Spannungsreich mitverfolgen, wie eine Oper entsteht

Kultur / 12.08.2019 • 20:00 Uhr / 5 Minuten Lesezeit
Festspielkonzert im Kunsthaus Bregenz. BF/ANJA KÖHLER

Einblick vier ins Opernatelier der Festspiele verrät den Einflussbereich des Vorarlberger Komponisten Alexander Moosbrugger.

BREGENZ Das Versteckspiel, das die Festspiele mit ihren Besuchern beim Opernatelier treiben und über zwei Jahre lang in sogenannten „Einblicken“ immer nur ein Stückchen eines geplanten neuen Opernprojekts freigeben, hält die Spannung aufrecht und trägt auch in zweiter Auflage Früchte. Der vierte dieser Einblicke im Kunsthaus war überlaufen von Interessenten, die wissen wollten, wie es denn mit der Entstehung von Alexander Moosbruggers erster Oper weitergeht.

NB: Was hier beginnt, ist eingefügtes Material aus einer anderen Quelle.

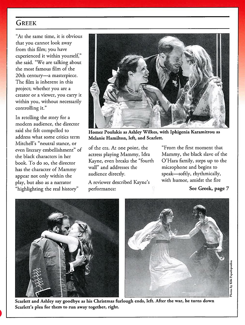 Ο John Wiley Jr κάνει εκτενή αναφορά στην πρόσφατη εξαιρετική κριτική, πάνω στην ελληνική διασκευή του «Όσα Παίρνει ο Άνεμος» από την Ιόλη Ανδρέαδη και τον Άρη Ασπρούλη, που πραγματοποίησε η Αμερικανίδα Καθηγήτρια Θέατρου και Προέδρος του Τμήματος Θεατρικών Σπουδών του Πανεπιστημίου του Brooklyn, Laura Tesman. Στο κείμενό του, φιλοξενεί, επίσης, δηλώσεις της σκηνοθέτιδας, αναφέρεται στη μεταφορά στη σκηνή δύο μνημειωδών λογοτεχνικών έργων μέσα από πρωτότυπες θεατρικές διασκευές, το "Πόλεμος και Ειρήνη" και το "Περηφάνια και Προκατάληψη", από τους δύο Έλληνες συγγραφείς πριν το «Όσα παίρνει άνεμος», και πραγματοποιεί ειδική μνεία στη μουσική του Γιώργου Παλαμιώτη για την παράσταση που «κάθε του τραγούδι προχωράει την ιστορία και βαθαίνει τους χαρακτήρες» του έργου. Το αφιέρωμα κλείνει με αναφορά στο εντυπωσιακό ρεκόρ προσέλευσης των 16.000 θεατών που κατέκλυσαν μέσα σε ένα μήνα τον Δημοτικό Θέατρο Πειραιά για να παρακολουθήσουν την παράσταση.
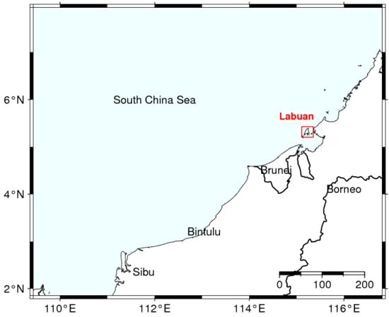 A locational map of Labuan Island in relation to the South China Sea and Borneo.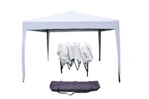 basso il prezzo, buona la qualità. Questo versatile gazebo può essere sfruttato per creare una confortevole zona d’ombra nel bel mezzo del giardino, ma è utile anche per gli amanti del campeggio o per svariati usi, come ad esempio mercatini e fiere. Il telaio pieghevole si monta con incredibile facilità e assicura una buona stabilità. Anche se non può essere paragonato, per quanto riguarda la resistenza al vento, ai modelli fissi prima descritti, possiamo tranquillamente affermare che fa bene il suo lavoro in condizioni atmosferiche normali. Il telaio in acciaio è verniciato con prodotti resistenti agli agenti atmosferici, mentre il telo di copertura bianco perla assicura un’ottima protezione dai raggi UV. Dimensioni: 3x3m. Prezzo: 49,84 euro.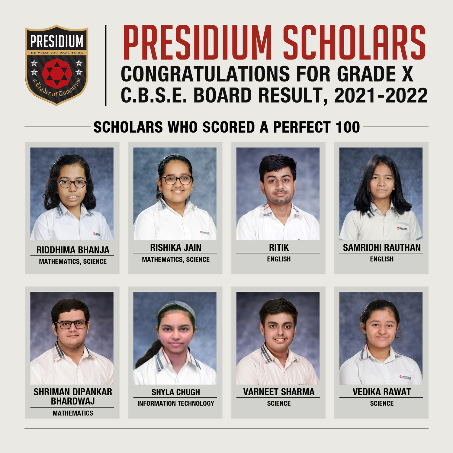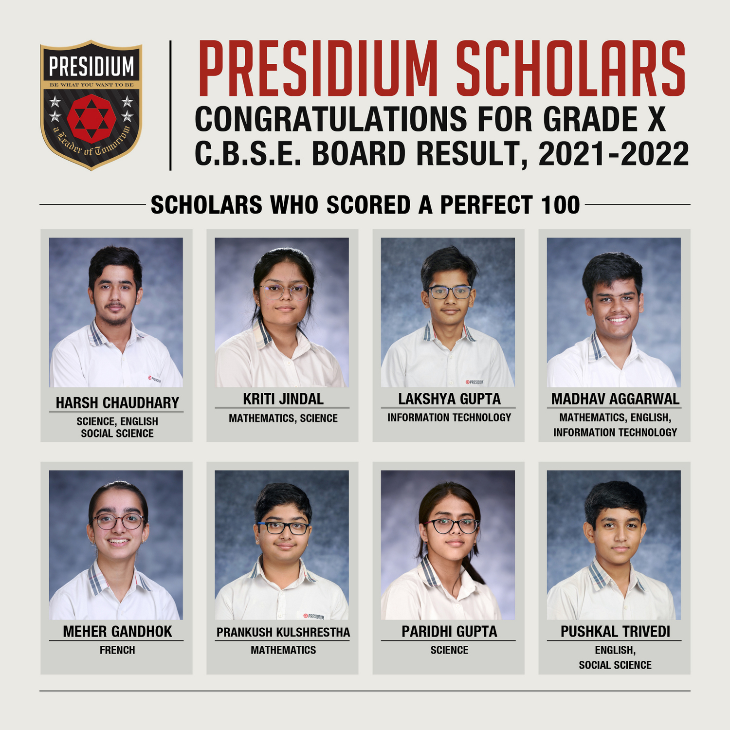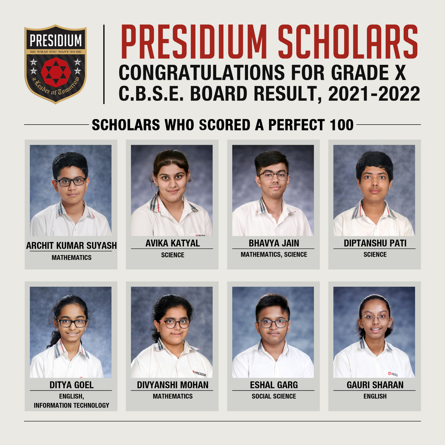 SCHOLARS WHO SCORED A PERFECT 100

Klar ist im Moment: Das Auftragswerk an den Bregenzerwälder Komponisten heißt „Wind“ und beruht auf dem 1499 erschienenen, bis heute geheimnisumwitterten Buch „Hypnerotomachia Polyphili“ des Dominikaners Francesco Colonna, das von der Liebe Polyphilos zu Polia erzählt und mit zahlreichen Holzschnitten illustriert ist. „Wind“ ist aber auch der Fachausdruck für die richtige Erzeugung und Modellierung der Druckluft in einer Orgel. Und ein solches Instrument wird auch im Zentrum der Uraufführung 2020 stehen, eigens erbaut durch die Firma Rieger nach Moosbruggers Vorstellungen als kundiger Organist. Die Anzahl von 172 Pfeifen verweist auf die Zahl der Holzschnitt-Abbildungen im Buch, mit der Veränderung der Luftzufuhr will Moosbrugger die unterschiedlichsten Klangwelten der Orgel experimentell ausloten und erweitern. Den Raum dazu entwirft die bildende Künstlerin Flaka Haliti, als Regisseur wurde Jan Eßinger verpflichtet.

Die Ohren öffnen

Diesmal geht es im koproduzierenden KUB freilich nicht um die Orgel, sondern um den musikalischen Einflussbereich Moosbruggers in einem Konzert des in Vorarlberg durch die Bludenzer „Tage zeitgemäßer Musik“ bekannten Spezialensembles Phace. Als Kurator hat er dafür ein feinsinnig aufeinander bezogenes Programm komponiert, das die gegensätzlichen Pole seiner musikalischen Quellen zueinander in Kontrast oder in einen Kontext stellt und damit dem aufmerksamen Zuhörer auch die Ohren öffnet für die kommende Opern-Uraufführung. Moosbruggers wundersame Klangwelt reicht schon mal bis Gottvater Johann Sebastian Bach zurück mit Alter Musik, auf die er sich gern beruft. Aber es wäre nicht Moosbrugger, wenn er dessen scheue, knappe Invention nach Glenn Goulds Originalfassung nicht gleich sechs Mal in eigenen und fremden Analysen verwandeln ließe: in Regers Romantik getaucht, mit Haydns Kaiserhymne verwoben, mit Zuspielungen verfremdet.  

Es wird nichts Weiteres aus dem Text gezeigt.